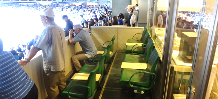 特別室(テラスボックス)でゆっくり優雅に観戦。サポータと一緒になって汗だくになり観戦。少し羨ましく思えました・・・・
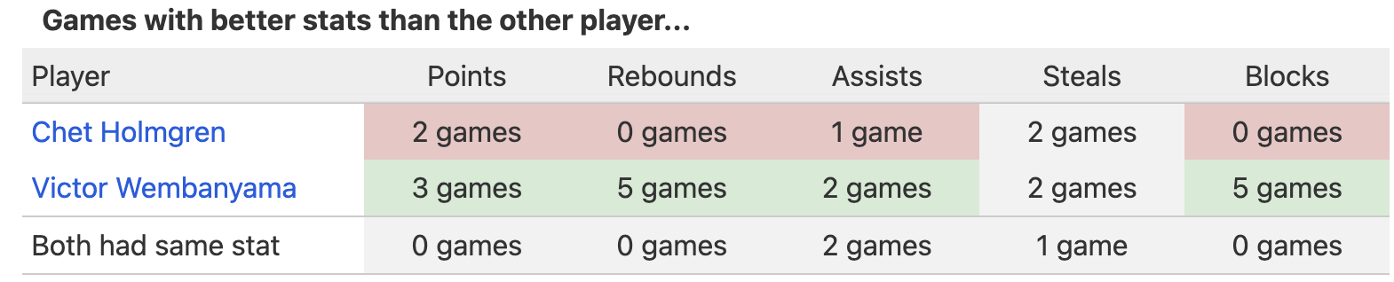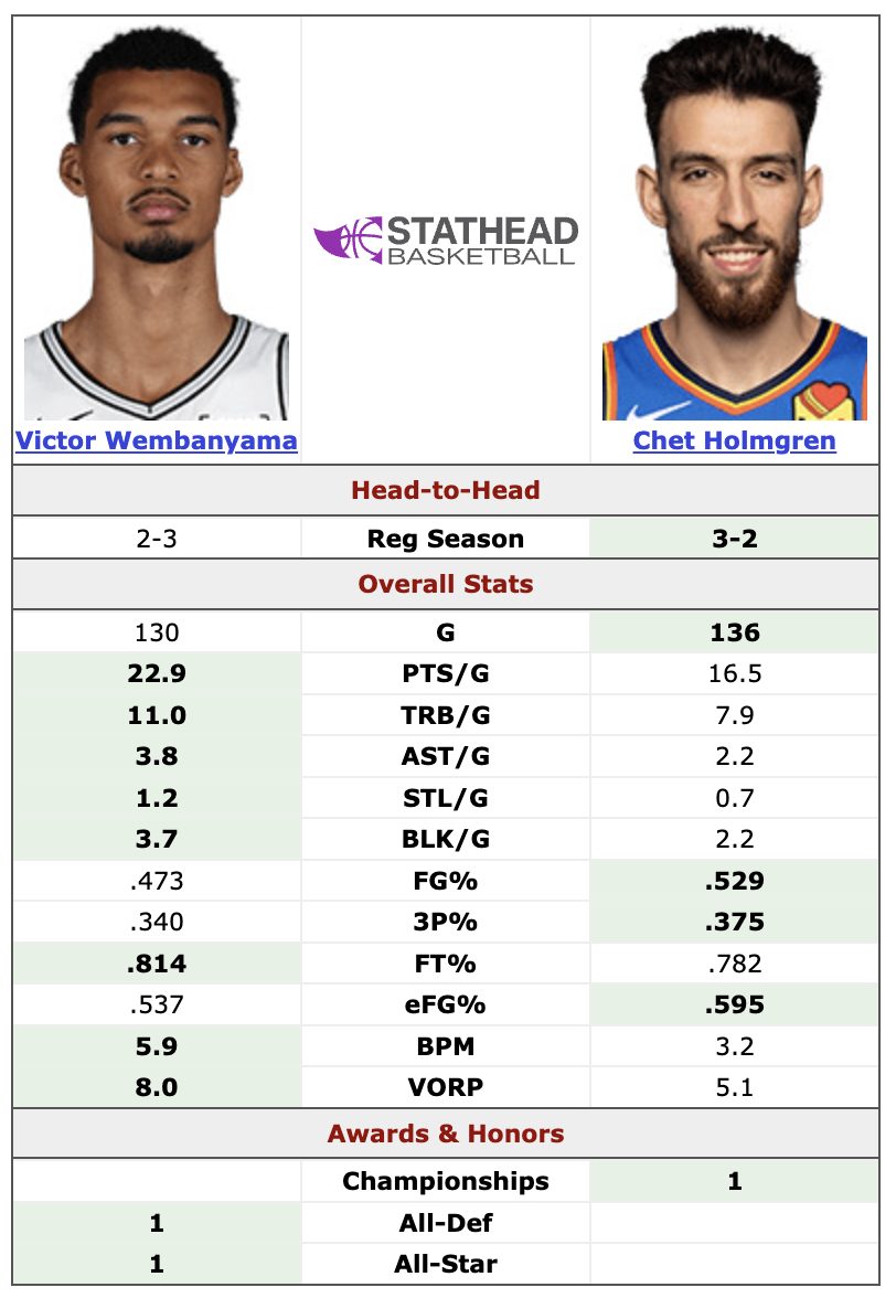 El StatHead entre Wembanyama y Holmgren se resume por ahora en un 3 a 2 a favor del segundo, claramente beneficiado por jugar en un mejor equipo, pero donde el primero –como ya sucediera hace cuatro años en la Final del sub-19– acumula siempre mejores registros personales.
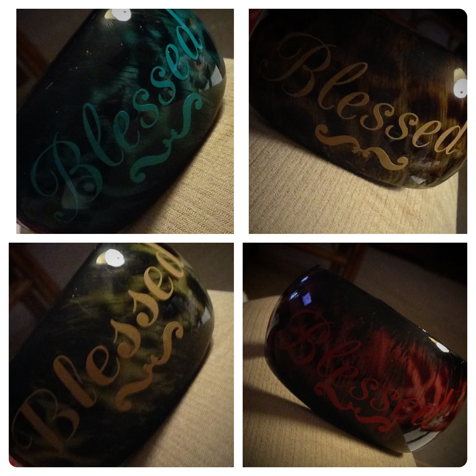I received a new shipment of bangle bracelets yesterday and I am so excited to show them to you. They are a rich jewel tones combined with black to make a very nice animal print. I couldn’t wait to turn a few of them into my “Blessed” bracelets. These are a bit different in shape as well. The band is graduated to where it is thinner on the back side. They are also a hinged a design. They fit a normal to to small size wrist very well.
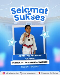Siswa SDS Al Kautsar berhasil meraih prestasi gemilang dalam ajang Kejuaraan Taekwondo Riau Challenge 2025 yang diselenggarakan di Gor Tribuana Kota Pekanbaru pada pada tanggal 01-03 Agustus 2025. SDS Al Kautsar berhasil membawa pulang 3 mendali emas dan 1 mendali perak.

PROBLEM DESCRIPTION - Give back exactly, and solely, the section of the data above bounded by the line containing "El StatHead entre" and the line containing "I received a", both bounding lines included and pictures omitted.

EXERCISE OUTPUT -
 El StatHead entre Wembanyama y Holmgren se resume por ahora en un 3 a 2 a favor del segundo, claramente beneficiado por jugar en un mejor equipo, pero donde el primero –como ya sucediera hace cuatro años en la Final del sub-19– acumula siempre mejores registros personales.
I received a new shipment of bangle bracelets yesterday and I am so excited to show them to you. They are a rich jewel tones combined with black to make a very nice animal print. I couldn’t wait to turn a few of them into my “Blessed” bracelets. These are a bit different in shape as well. The band is graduated to where it is thinner on the back side. They are also a hinged a design. They fit a normal to to small size wrist very well.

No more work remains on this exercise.